Reden wir Tacheles – reden wir über die Kosten für dein Staudenbeet

 

Es ist ja wie beim Renovieren. Zuerst kommen die Leitungen unter Putz (notwendig aber später unsichtbar) und dann erst die (Blümchen) Tapete.

In deinem Garten ist es genauso; In den seltensten Fällen kannst du in deinem Beet direkt ‚drauf-los-pflanzen‘. Ein bisschen Geduld, sorgfältige Vorbereitung und die richtigen kostenwirksamen Entscheidungen über das Vorgehen sind ratsam. 

In meiner Newsletter-Umfrage, kam mehrmals die Frage nach den Kosten für ein Staudenbeet. Das hat mich bewogen, kompetente Unterstützung anzufragen.

Seit vielen Jahren arbeite ich in Sachen „Ausschreibung“ mit meinem Kollegen Stefan Brückmann aus Bonn zusammen. (unter anderem für die Pflanzung BUGA Koblenz 2011, LAGA Würzburg 2018 und aktuell LAGA Lindau 2021)

Stefan Brückmann kennt sich mit den aktuellen Kosten aus. Ich freue mich, das er euch weiterhelfen kann.

Viel Spaß beim Kalkulieren… 🙂

 

Stefan Brückmann ist gelernter Gärtner im Garten- und Landschaftsbau und Landschaftsarchitekt aus Leidenschaft.

Nach Abschluss seines Studiums in Dresden (1999) arbeitete er sich stetig über Stationen in Zwickau, Weimar in seine Heimatstadt Bonn vor.

Dort hat er seit 2007 mit Ulrike Platz ein Landschaftsarchitekturbüro mit dem Namen die3 landschaftsarchitektur Brückmann & Platz. Im Büro ist Stefan für Detailplanungen und alles was mit genauen Zahlen zu tun hat, zuständig. Perfekt, genau ihn zu fragen!

 

Meine (verpreisten) Arbeitsschritte für dein blühendes Staudenbeet

 

Bevor es losgeht, gibt es nämlich notwendige Vorarbeiten, bevor es üppig blühen kann. Und die müssen realistisch eingeschätzt werden.

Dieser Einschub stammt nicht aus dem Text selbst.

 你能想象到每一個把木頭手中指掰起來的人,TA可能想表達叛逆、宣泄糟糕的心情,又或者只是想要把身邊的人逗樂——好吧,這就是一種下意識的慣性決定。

Damit du weißt, was auf dich zukommt, habe ich dir alle erforderlichen oder möglichen Arbeitsschritte aufgeführt. So kannst du einschätzen, was auf dich zu kommt. Du selbst kannst entscheiden, an welcher Stelle du den Einstieg für dein Staudenbeet wählst. So wirst du nicht von unvorhersehbaren Kosten überrannt.

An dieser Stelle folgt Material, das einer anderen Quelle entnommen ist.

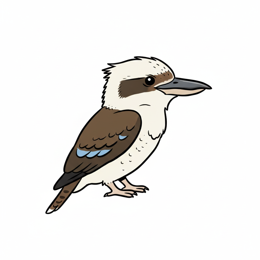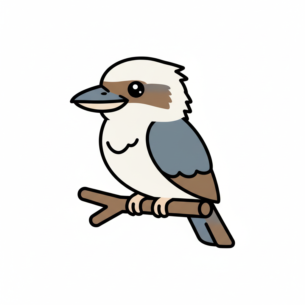 Ein illustriertes Bild eines Kookaburras in Schwarz-Weiß.

Ich betrachte dabei immer die Kosten für 1m² und trenne in meiner Auflistung, was du selbst tun kannst und was es kosten würde, wenn diese Leistung ein Garten- und Landschaftsbaubetrieb übernimmt.

Wenn du also die Kosten für dein blühendes Beet im Zaum halten willst, solltest du sorgfältig abwägen, was du selbst übernehmen kannst und was du lieber in Auftrag geben willst.

 

„Die Zeit ist kein Geld. Aber den einen nimmt das Geld die Zeit und den anderen die Zeit das Geld.“

Ron Kritzfeld

 

Die Beräumung: Was muss weg?

Zuerst frag dich, ob Pflanzen für dein Beet entfernt werden müssen. Ist vielleicht Rasen abzuschälen oder Gehölze zu entfernen?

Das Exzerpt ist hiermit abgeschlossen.